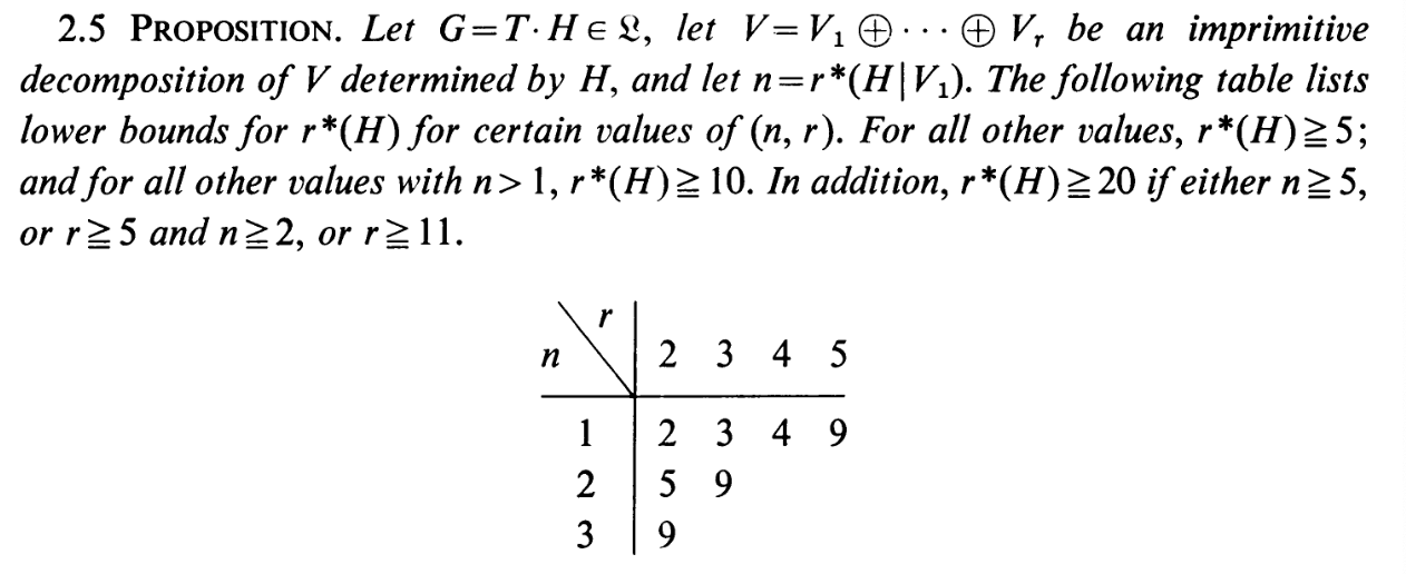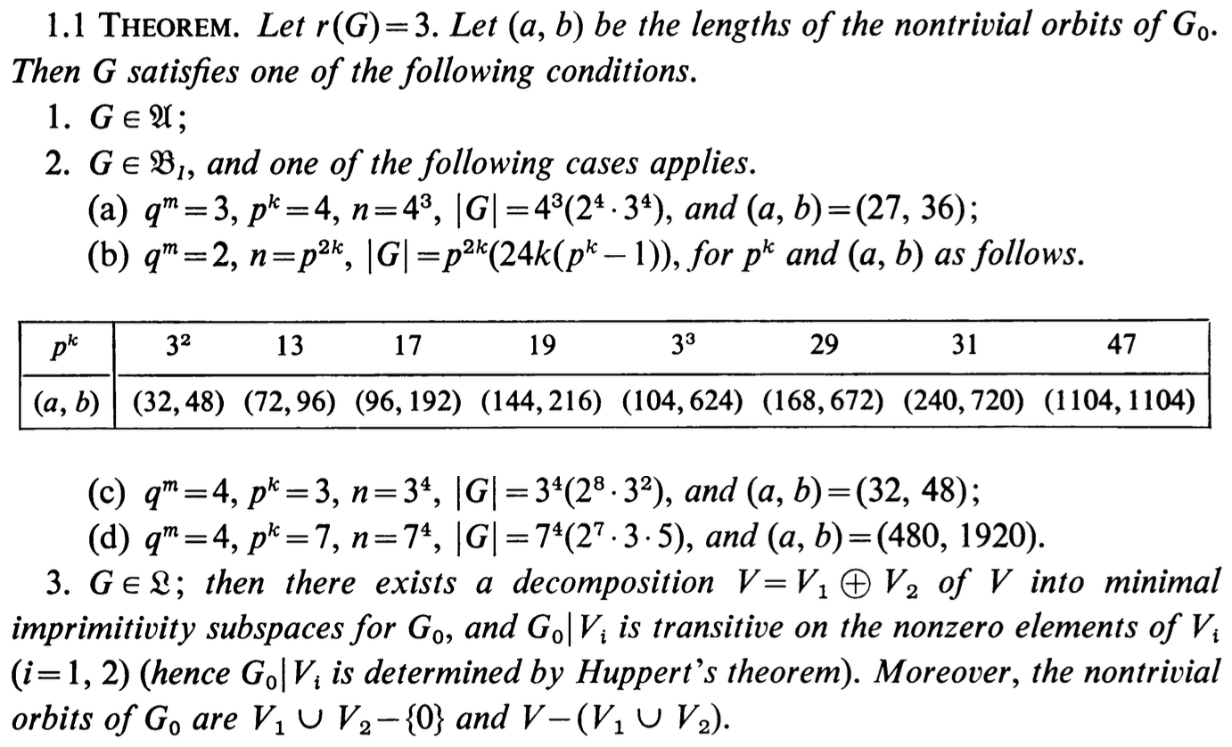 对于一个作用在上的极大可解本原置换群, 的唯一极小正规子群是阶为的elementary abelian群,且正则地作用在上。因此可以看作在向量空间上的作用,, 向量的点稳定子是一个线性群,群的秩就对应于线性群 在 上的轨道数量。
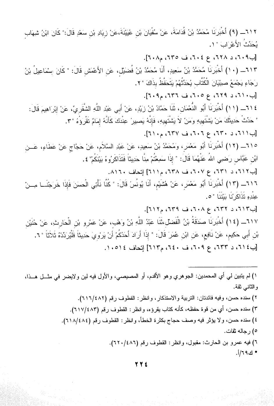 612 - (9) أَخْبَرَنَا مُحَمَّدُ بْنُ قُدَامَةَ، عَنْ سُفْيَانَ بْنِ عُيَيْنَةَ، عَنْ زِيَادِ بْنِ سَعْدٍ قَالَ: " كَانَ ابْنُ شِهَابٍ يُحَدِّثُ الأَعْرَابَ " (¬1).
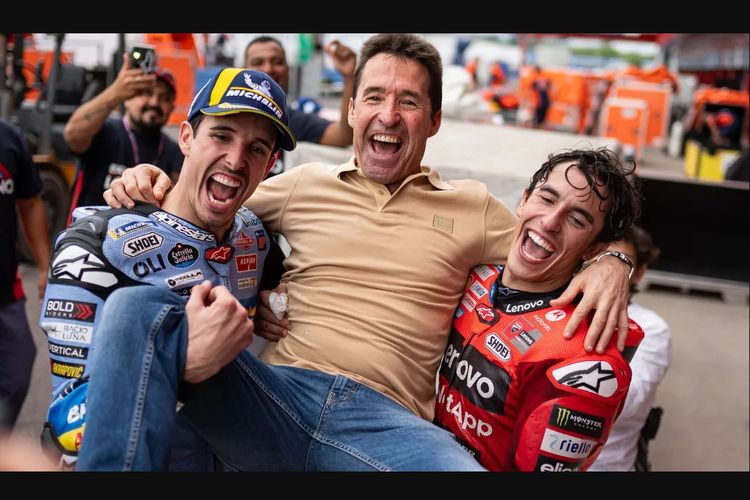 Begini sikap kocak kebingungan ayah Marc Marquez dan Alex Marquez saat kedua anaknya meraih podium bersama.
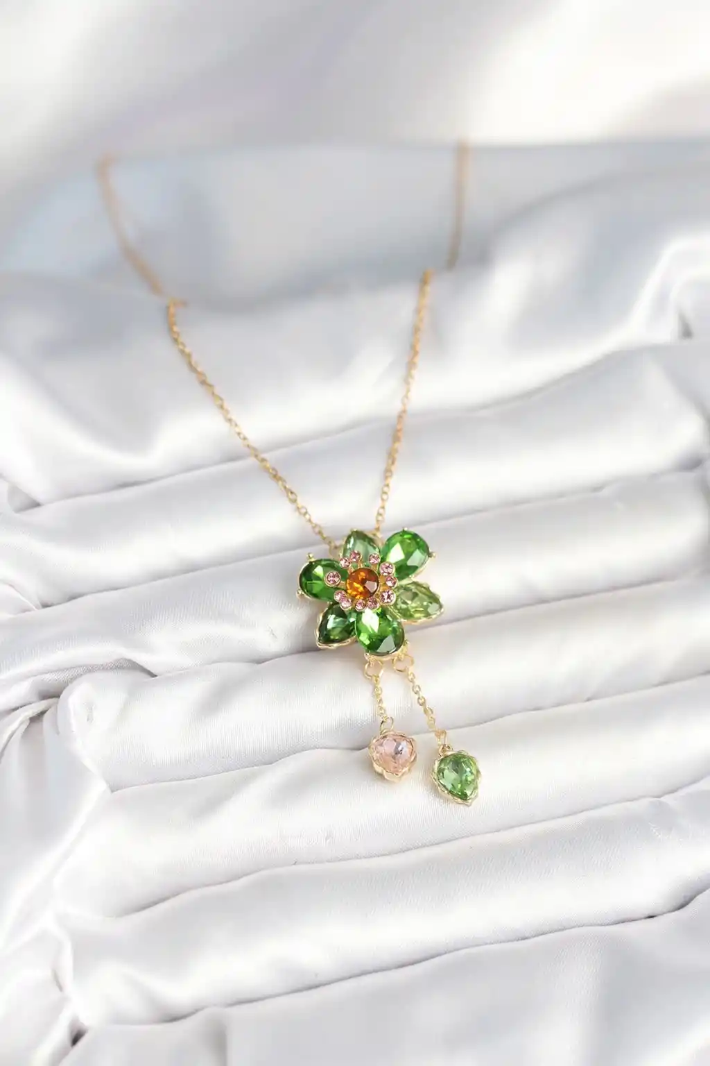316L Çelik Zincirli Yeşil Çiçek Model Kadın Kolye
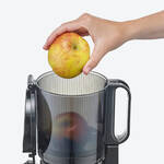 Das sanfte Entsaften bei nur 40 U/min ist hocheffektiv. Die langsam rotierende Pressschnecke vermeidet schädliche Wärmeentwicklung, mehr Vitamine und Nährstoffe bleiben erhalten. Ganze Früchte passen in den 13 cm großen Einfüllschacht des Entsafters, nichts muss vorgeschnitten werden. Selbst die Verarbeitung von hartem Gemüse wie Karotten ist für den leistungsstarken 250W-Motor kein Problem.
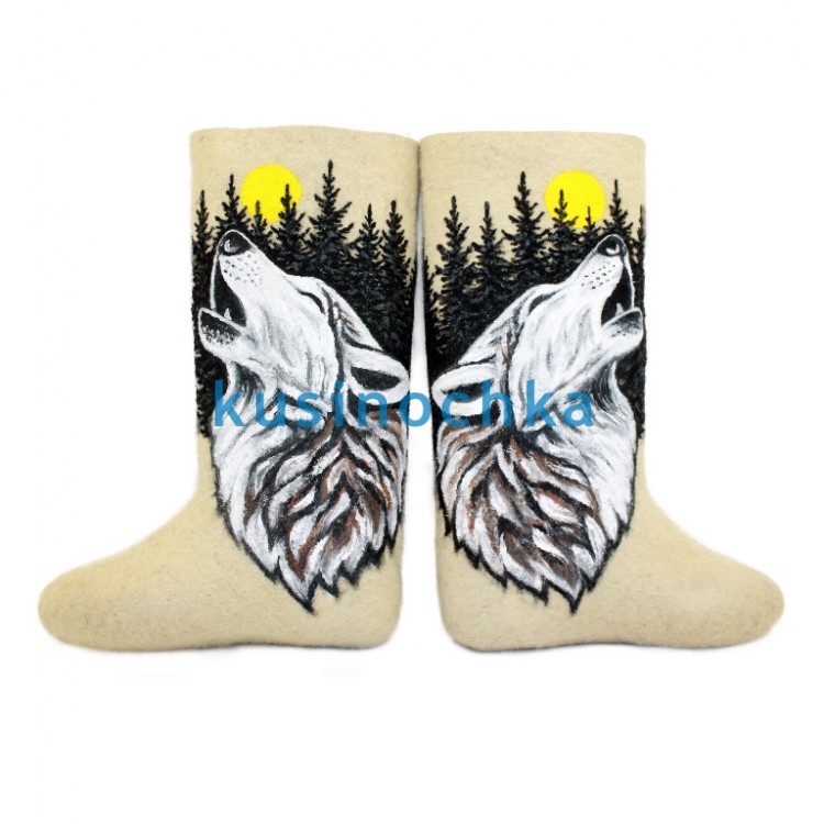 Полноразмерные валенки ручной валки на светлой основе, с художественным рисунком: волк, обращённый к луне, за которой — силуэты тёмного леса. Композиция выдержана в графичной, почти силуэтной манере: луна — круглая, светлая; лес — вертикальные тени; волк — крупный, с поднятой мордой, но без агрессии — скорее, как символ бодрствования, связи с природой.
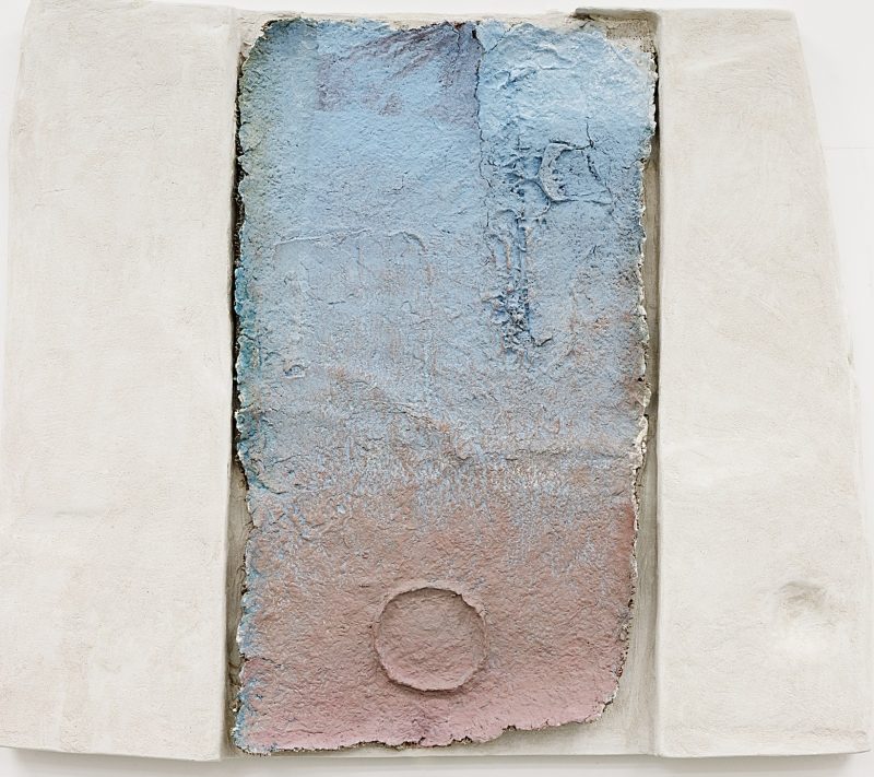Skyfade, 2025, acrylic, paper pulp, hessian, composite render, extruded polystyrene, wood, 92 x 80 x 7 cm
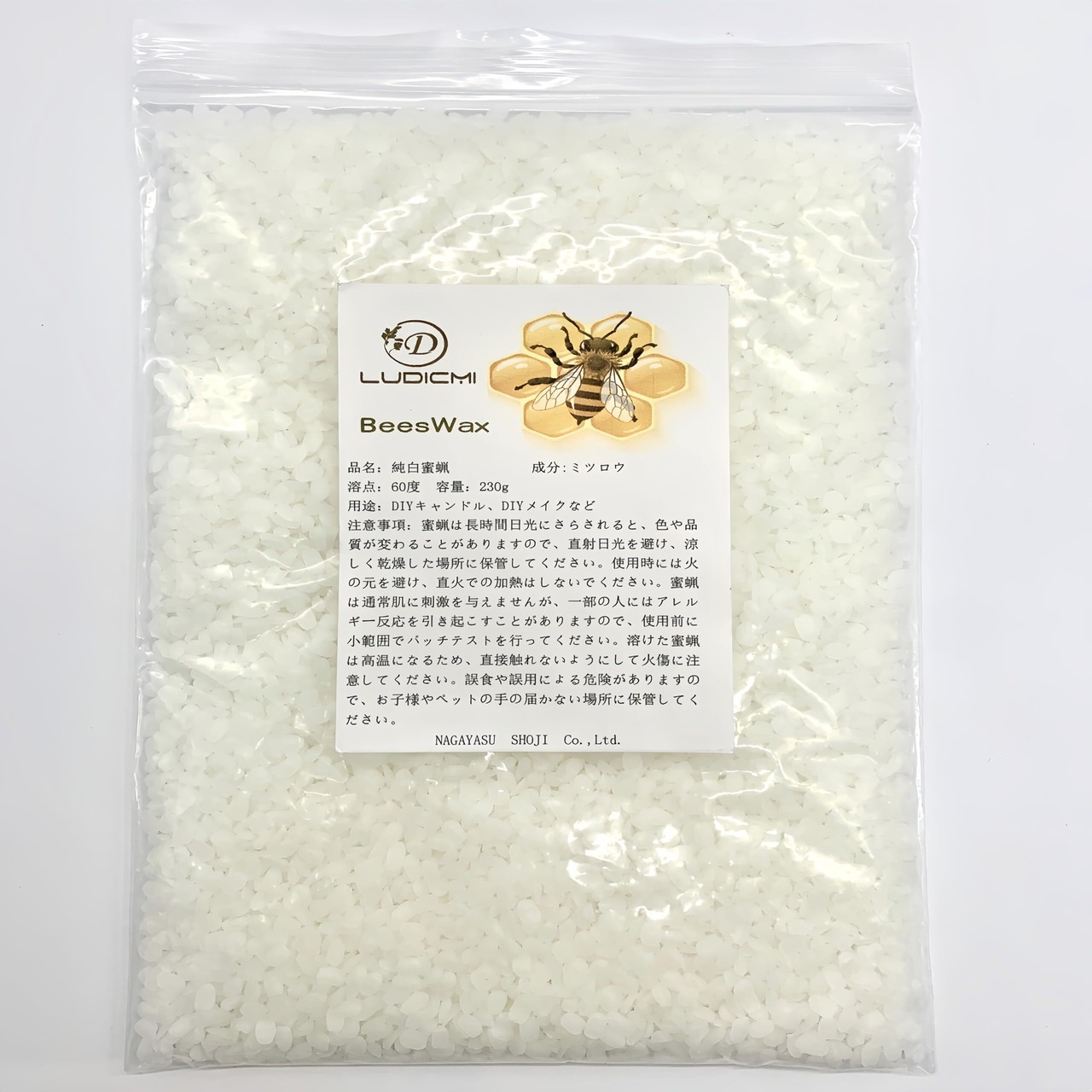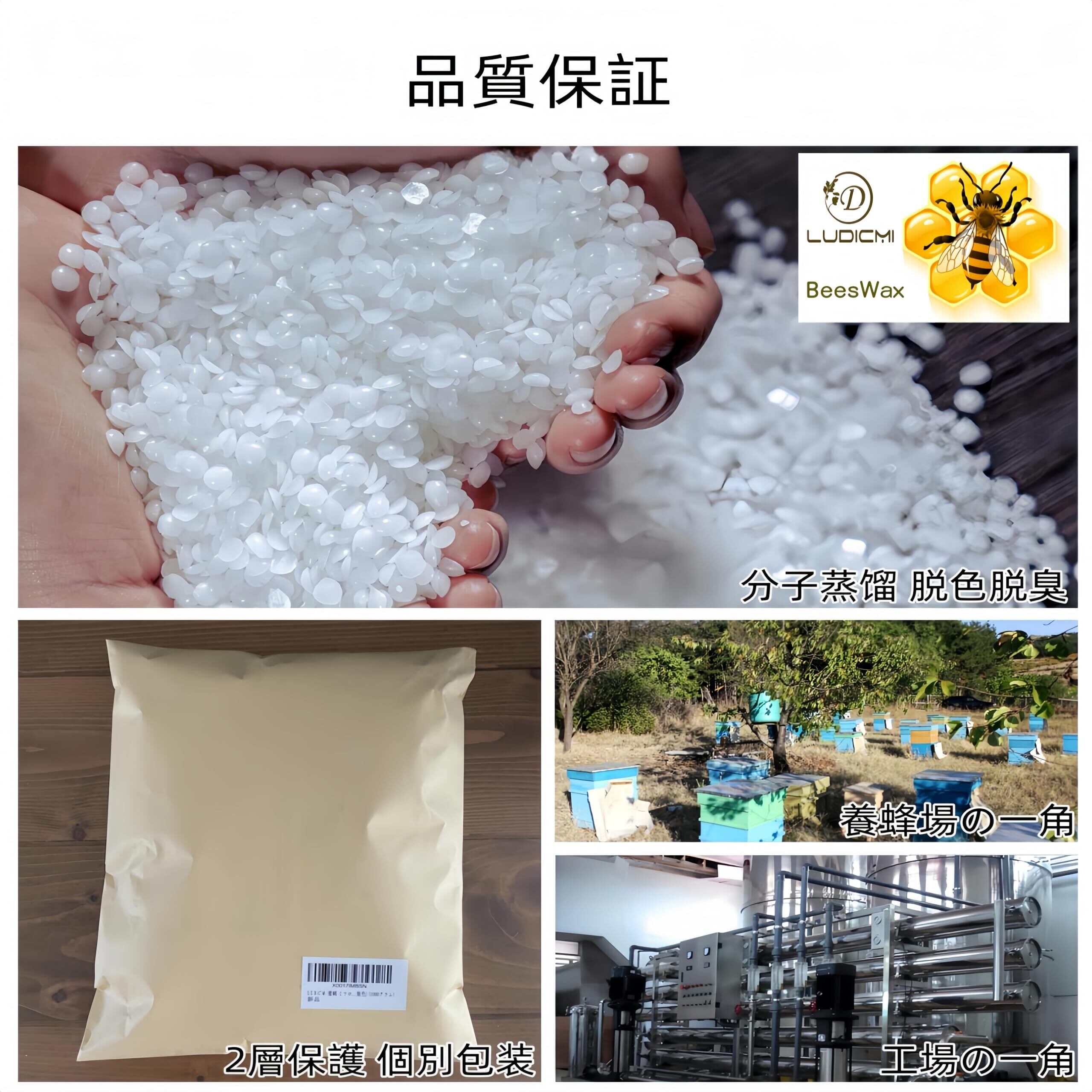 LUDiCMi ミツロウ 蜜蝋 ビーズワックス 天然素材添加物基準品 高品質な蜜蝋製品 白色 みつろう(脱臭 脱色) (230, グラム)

▶ [Exercise requirements]
Once the line containing "316L Çelik Zincirli" is found, transcribe it and the rest of the lines to the end of the listing above exactly, omitting all pictures.

▶ [Exercise solution]
316L Çelik Zincirli Yeşil Çiçek Model Kadın Kolye
 Das sanfte Entsaften bei nur 40 U/min ist hocheffektiv. Die langsam rotierende Pressschnecke vermeidet schädliche Wärmeentwicklung, mehr Vitamine und Nährstoffe bleiben erhalten. Ganze Früchte passen in den 13 cm großen Einfüllschacht des Entsafters, nichts muss vorgeschnitten werden. Selbst die Verarbeitung von hartem Gemüse wie Karotten ist für den leistungsstarken 250W-Motor kein Problem.
 Полноразмерные валенки ручной валки на светлой основе, с художественным рисунком: волк, обращённый к луне, за которой — силуэты тёмного леса. Композиция выдержана в графичной, почти силуэтной манере: луна — круглая, светлая; лес — вертикальные тени; волк — крупный, с поднятой мордой, но без агрессии — скорее, как символ бодрствования, связи с природой.
Skyfade, 2025, acrylic, paper pulp, hessian, composite render, extruded polystyrene, wood, 92 x 80 x 7 cm
 LUDiCMi ミツロウ 蜜蝋 ビーズワックス 天然素材添加物基準品 高品質な蜜蝋製品 白色 みつろう(脱臭 脱色) (230, グラム)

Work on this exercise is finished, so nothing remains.